*** Begin section ***
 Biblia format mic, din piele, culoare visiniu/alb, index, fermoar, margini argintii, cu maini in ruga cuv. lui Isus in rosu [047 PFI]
*** End section ***
*** Begin section ***
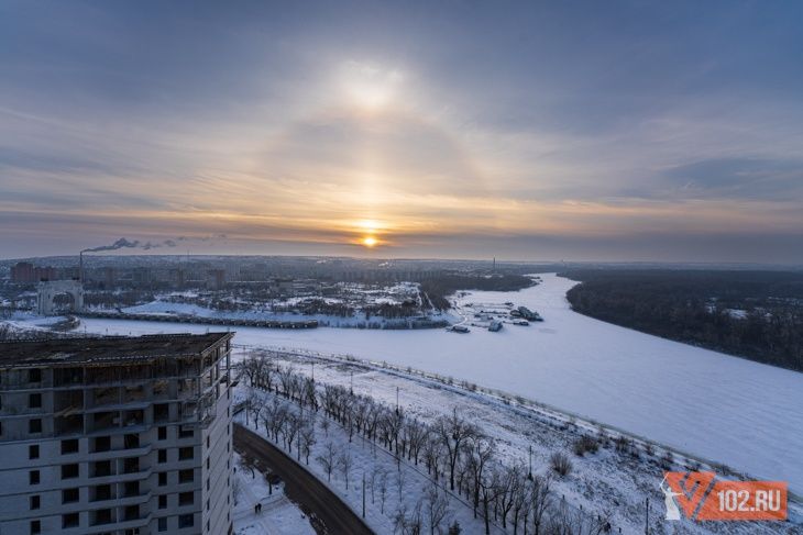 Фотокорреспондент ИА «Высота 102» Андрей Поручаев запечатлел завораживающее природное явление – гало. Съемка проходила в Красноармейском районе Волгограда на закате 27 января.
*** End section ***
*** Begin section ***
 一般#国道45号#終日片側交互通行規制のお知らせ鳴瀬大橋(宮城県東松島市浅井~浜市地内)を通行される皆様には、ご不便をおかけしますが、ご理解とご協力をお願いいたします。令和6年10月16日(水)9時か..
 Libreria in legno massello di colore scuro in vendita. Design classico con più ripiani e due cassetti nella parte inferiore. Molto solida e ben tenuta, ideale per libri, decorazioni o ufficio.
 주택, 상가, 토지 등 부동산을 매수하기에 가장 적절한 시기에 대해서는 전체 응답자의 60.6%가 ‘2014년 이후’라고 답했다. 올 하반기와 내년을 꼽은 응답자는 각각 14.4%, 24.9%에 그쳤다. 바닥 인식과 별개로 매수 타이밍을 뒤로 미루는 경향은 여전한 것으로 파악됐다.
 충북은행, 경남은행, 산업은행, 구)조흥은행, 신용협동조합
*** End section ***
## Task item
Could you write out, exactly as they stand, only the lines above that begin at the line with "Libreria in legno" and stop after the line with "주택, 상가, 토지 등"?

## Output of the task
 Libreria in legno massello di colore scuro in vendita. Design classico con più ripiani e due cassetti nella parte inferiore. Molto solida e ben tenuta, ideale per libri, decorazioni o ufficio.
 주택, 상가, 토지 등 부동산을 매수하기에 가장 적절한 시기에 대해서는 전체 응답자의 60.6%가 ‘2014년 이후’라고 답했다. 올 하반기와 내년을 꼽은 응답자는 각각 14.4%, 24.9%에 그쳤다. 바닥 인식과 별개로 매수 타이밍을 뒤로 미루는 경향은 여전한 것으로 파악됐다.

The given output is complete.